Jonathan Griffiths is Professor of Intellectual Property Law at Queen Mary University of London. His research interests lie predominantly in copyright law (particularly European copyright law) and in the relationship between intellectual property law and fundamental rights. He is the editor of the “United Kingdom” chapter of the leading international treatise on "International Copyright Law & Practice" (ed. Bently) and is a member of the editorial and advisory boards of the Journal of Media Law, the Media & Arts Law Review, and the Nottingham Law Journal. He is a member of the European Copyright Society, a group of scholars founded with the aim of creating a platform for critical and independent scholarly thinking on European copyright law.
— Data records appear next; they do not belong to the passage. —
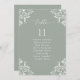Elegant Sage Wedding Seating Chart Cards: Use these vintage, classic table lists for your seating chart at your wedding or event. This design features the word "Table" in an elegant calligraphy with an ornate vintage corners design for a luxe look. It's set in dusty blue / blue grey / slate blue, but you can change the colour to anything you like! Just click "customise more" and click on the element to change the colour.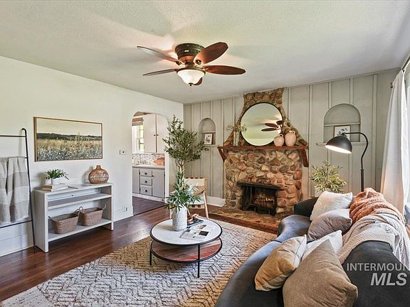 This one is a cutie! Now with an updated look and a new price! Welcome to your new home with no HOA in the heart of Downtown Nampa! This historic home has real hardwood floors that welcome you into the living room with a wood burning fireplace to cozy up to on those cold nights. Kitchen features a built-in seating area, updated flooring and lots of cabinet space. Downstairs an extra large laundry room, along with a third bedroom await you. Outside the large backyard is just waiting for you and your BBQS, quiet mornings and playful adventures. RV parking and a detached 1 car garage in the back alleyway rounds out the versatility. Plus, if that wasn't enough, this home has a new roof (2023), dishwasher (2024), new water heater (2025), new paint throughout, updated light fixtures and a whole lot of charm! Come see it today.
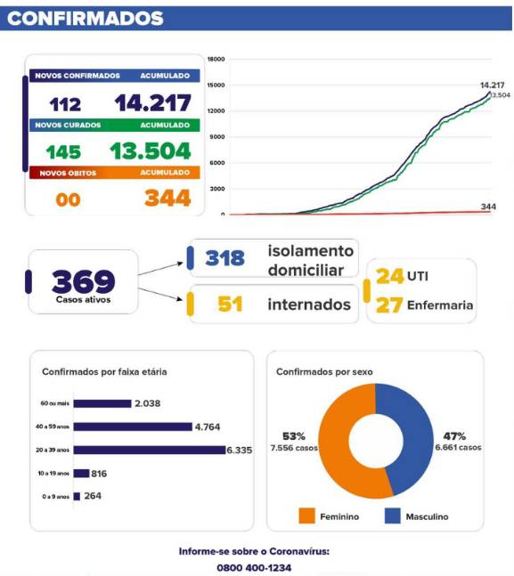 Por outro lado, 145 pacientes se recuperaram da doença e o número dos considerados curados é de 13.504. São 369 casos ativos, sendo 318 em isolamento domiciliar e 51 internados - 27 na enfermaria e 24 na Unidade de Terapia Intensiva (UTI).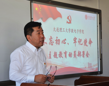 按照学校党委主题教育工作部署,报请学校“不忘初心、牢记使命”主题教育领导小组办公室备案同意,9月18日下午,微电子学院党总支“不忘初心、牢记使命”主题教育动员部署会在研教楼512教室召开,校长助理、开发区校区党工委书记、管委会主任罗钟铉出席并讲话,学院党总支书记付冬娟传达了学校主题教育大会精神并作动员讲话,副院长梁红伟主持会议。学院领导班子、全体师生党员和部分群众代表60余人参加会议。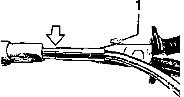 Loosen set screw (1). Slide in ignition cable against shoulder (arrow). Squeeze pliers and slide cable into connector until cable end is heard to engage.
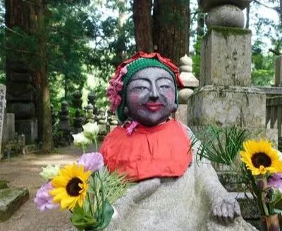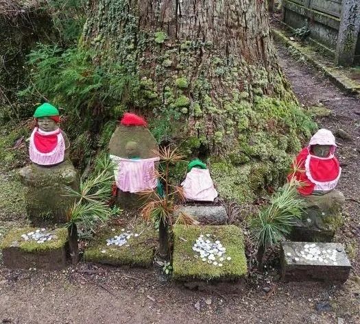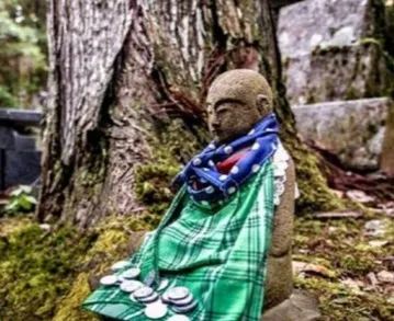 地藏是指那些坐在那儿、微寐、守着墓园的小(不过一英尺高)石佛一样的神灵。在很多传统宗教圣地的日式花园和空地里的地藏都是如此。在奥之院,人们往小地藏的脖子周围系上有颜色的小围兜。还有几个戴着帽子。这些“娃娃装”看起来簇新,都不超过一年。照我看大多数是几个月前更换的,因为衣物在奥之院这么潮湿的地方应该会腐坏得很快。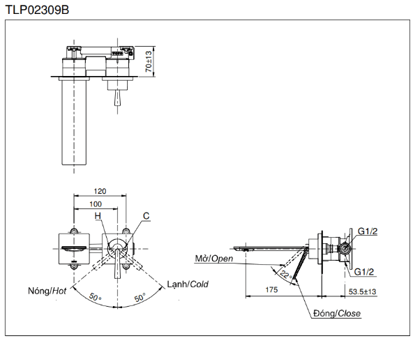 Thông số Vòi Lavabo TOTO TLP02309B#BFG Gật Gù Nóng Lạnh Gắn Tường ZL (2 Lỗ)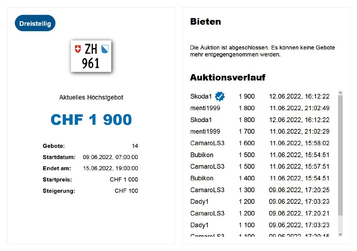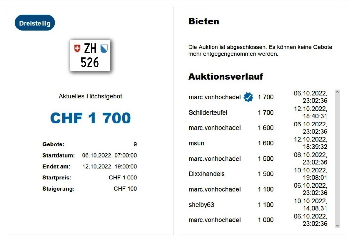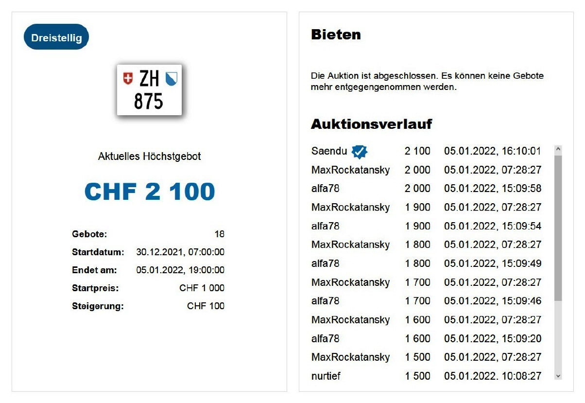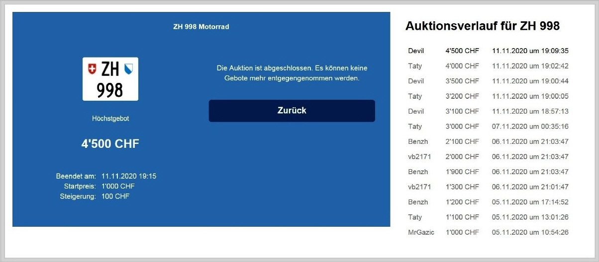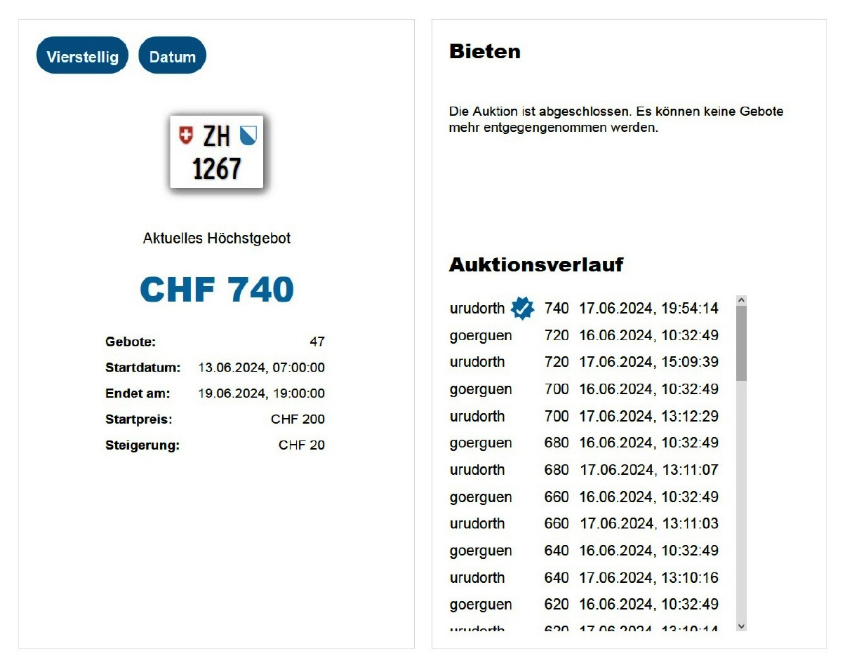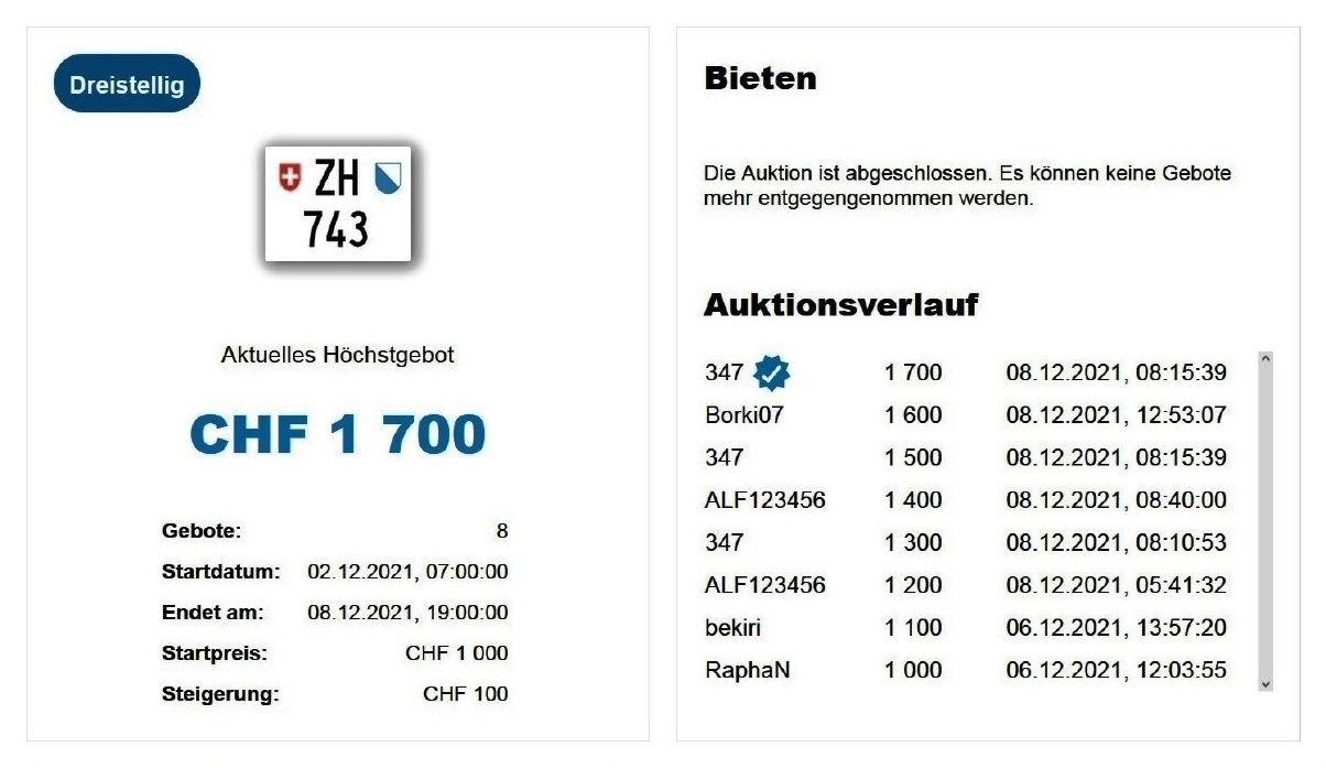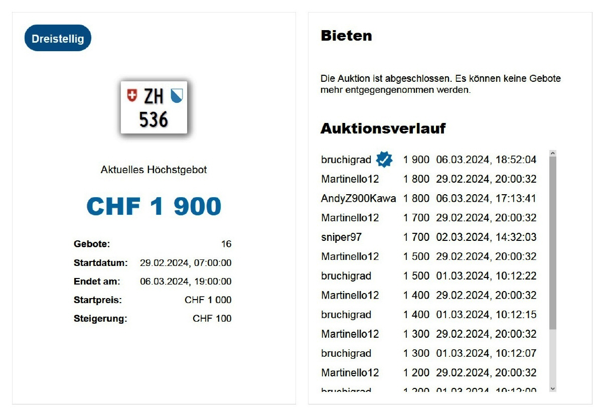 Am 25.11.2020 wurde im Kanton Zürich das 3-stellige TÖFF-Nummernschild ausgegeben - in der Auktion ging es für Fr. 4000.- weg: Auch hier boten sich zwei Bieter hoch! Verfolge den Verlauf vom «ZH 701

Tuomas Mylly is Professor of Commercial Law at Faculty of Law, University of Turku (Finland) and director of the IPR University Center. He has previously held a chair of European Economic Law. His research interests lie in European and global intellectual property, competition and constitutional law, and their interactions. His current research is focused on the historical evolution of international and European intellectual property protection and constitutional and other aspects of IP protection.

Summary

This collection of essays, written by international experts and covering a range of different areas of intellectual property law, draws on constitutional theory, and particularly on ideas of "new constitutionalism", to engage with the complex array of contemporary legal constraints on intellectual property law-making.